DESCRIPTION OF THE TASK -
This exercise calls for an exact copy of the listing, with no pictures kept.

COLLECTED DATA -
# # # # # # #

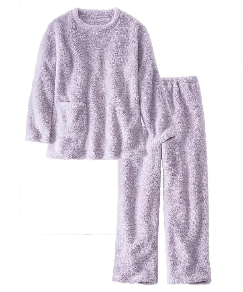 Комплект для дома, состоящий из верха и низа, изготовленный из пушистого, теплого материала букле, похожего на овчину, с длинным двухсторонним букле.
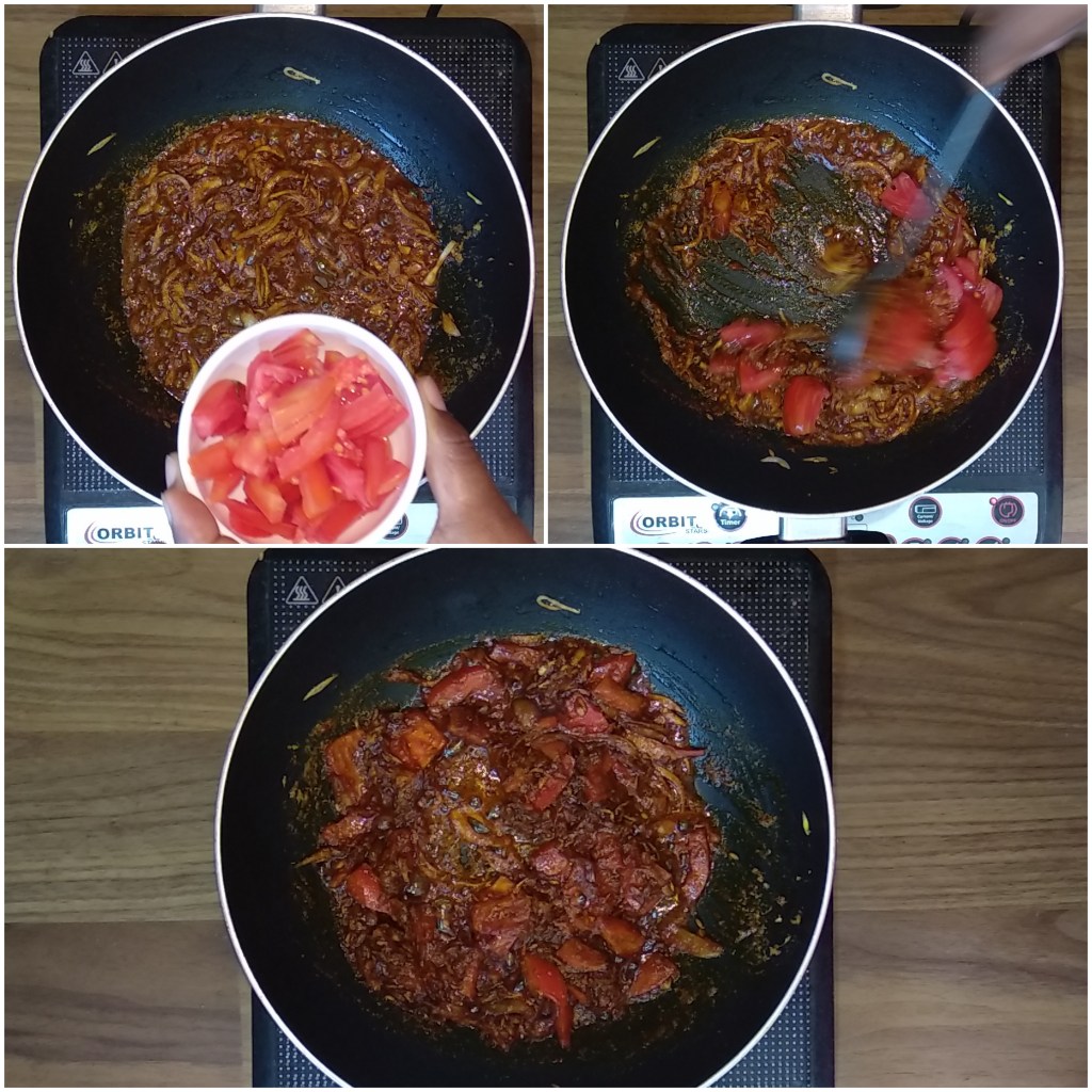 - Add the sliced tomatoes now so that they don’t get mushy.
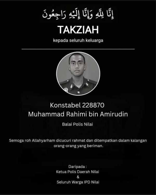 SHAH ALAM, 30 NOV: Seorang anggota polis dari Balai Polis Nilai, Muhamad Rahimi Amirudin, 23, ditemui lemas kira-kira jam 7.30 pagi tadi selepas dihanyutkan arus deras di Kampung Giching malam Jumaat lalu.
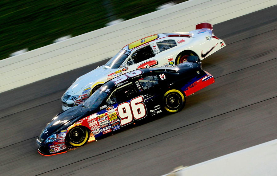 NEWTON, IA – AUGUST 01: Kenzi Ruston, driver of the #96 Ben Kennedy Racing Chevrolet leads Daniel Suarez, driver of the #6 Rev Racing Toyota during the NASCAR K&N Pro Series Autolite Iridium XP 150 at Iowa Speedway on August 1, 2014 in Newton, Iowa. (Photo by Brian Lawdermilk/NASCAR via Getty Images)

# # # # # # #

TASK RESPONSE -
 Комплект для дома, состоящий из верха и низа, изготовленный из пушистого, теплого материала букле, похожего на овчину, с длинным двухсторонним букле.
 - Add the sliced tomatoes now so that they don’t get mushy.
 SHAH ALAM, 30 NOV: Seorang anggota polis dari Balai Polis Nilai, Muhamad Rahimi Amirudin, 23, ditemui lemas kira-kira jam 7.30 pagi tadi selepas dihanyutkan arus deras di Kampung Giching malam Jumaat lalu.
 NEWTON, IA – AUGUST 01: Kenzi Ruston, driver of the #96 Ben Kennedy Racing Chevrolet leads Daniel Suarez, driver of the #6 Rev Racing Toyota during the NASCAR K&N Pro Series Autolite Iridium XP 150 at Iowa Speedway on August 1, 2014 in Newton, Iowa. (Photo by Brian Lawdermilk/NASCAR via Getty Images)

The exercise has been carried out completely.